I do not remember over priming the bottles. As I used slightly less than a teaspoon in a 375ml bottle. The beer tasted very nice. (Newcastle style brown ale)

A. What would cause such a pressure that wasn't related to over priming?
B. What can I do to prevent D Day from happening again?
C. At least now I have room to store more bottled brew.


I have started reducing the priming of the bottles to 1/2 a teaspoon of caster sugar
 
What was your OG - FG. If you haven't over primed then it is likely that it was bottled too soon and hadn't finished fermenting.
 
Another good reason for plastic bottles.

I've only had one bottle bomb so far, and it was the cap exploding.

Amazingly there was no beer expelled from the bottle, so I just threw out the cap and the beer, and recycled the bottle.

Sam
 
Maybe bottling too soon.

Sometimes the yeast can stall with still a fair bit of fermentable sugar in there. All activity stops for a couple of days and you think it's finished. Then when you bottle, add some more sugar and stir up the yeast, they get back into it.

I definately wouldn't reduce your priming sugar, otherwise the beers that have finished will be undercarbonated.

A couple of steps that would help:

1) take final gravity reading.
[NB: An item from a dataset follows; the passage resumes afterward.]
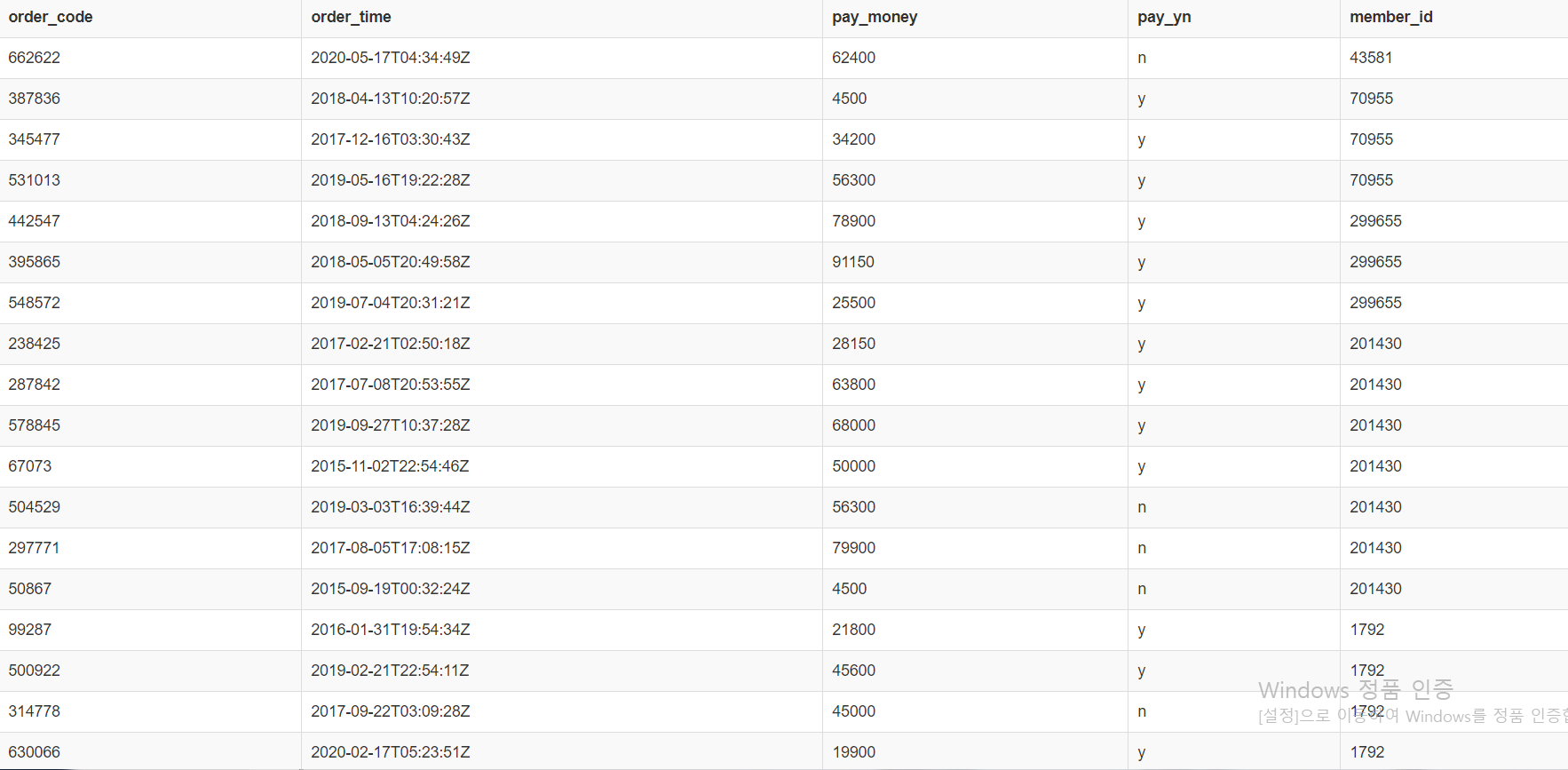 (`order_code` int, `order_time` datetime, `pay_money` int, `pay_yn` varchar(1), `member_id` int)

On a normal beer this will be around 1.010 (a bit higher or lower depending on style etc etc).

2) give the fermenter a bit of a shake after it has stopped, then leave a couple more days.



I have found that it's better to leave for a couple of days longer than the minimum recomendation.


Cheers,
Wrenny
 
The others have highlighted the likely cause that primary fermentation may not have finished before you bottled.

Over priming the bottles and storing the bottles at warmer temps are also going to increase carbonation levels.
 
I'm thinking it was your priming dose. Just under a teaspoon sounds suspiciously close to a full teaspoon, which is what is recommended for 750ml bottles. So yeah, the glass probably just got a bit stressed. If you've got a Big W or a local brew shop, go and get a priming measurer - its got a 3g measure [stubbie] on one end and a 6g measure [longneck] on the other so you can just dunk it in the sugar and then into the bottle without fear of overcarbonating.

I swear by mine.

Cheers - boingk

EDIT: I messed up...
 
You`ve primed with double what you should have.

stagga.
 
Another good reason for plastic bottles.

I've only had one bottle bomb so far, and it was the cap exploding.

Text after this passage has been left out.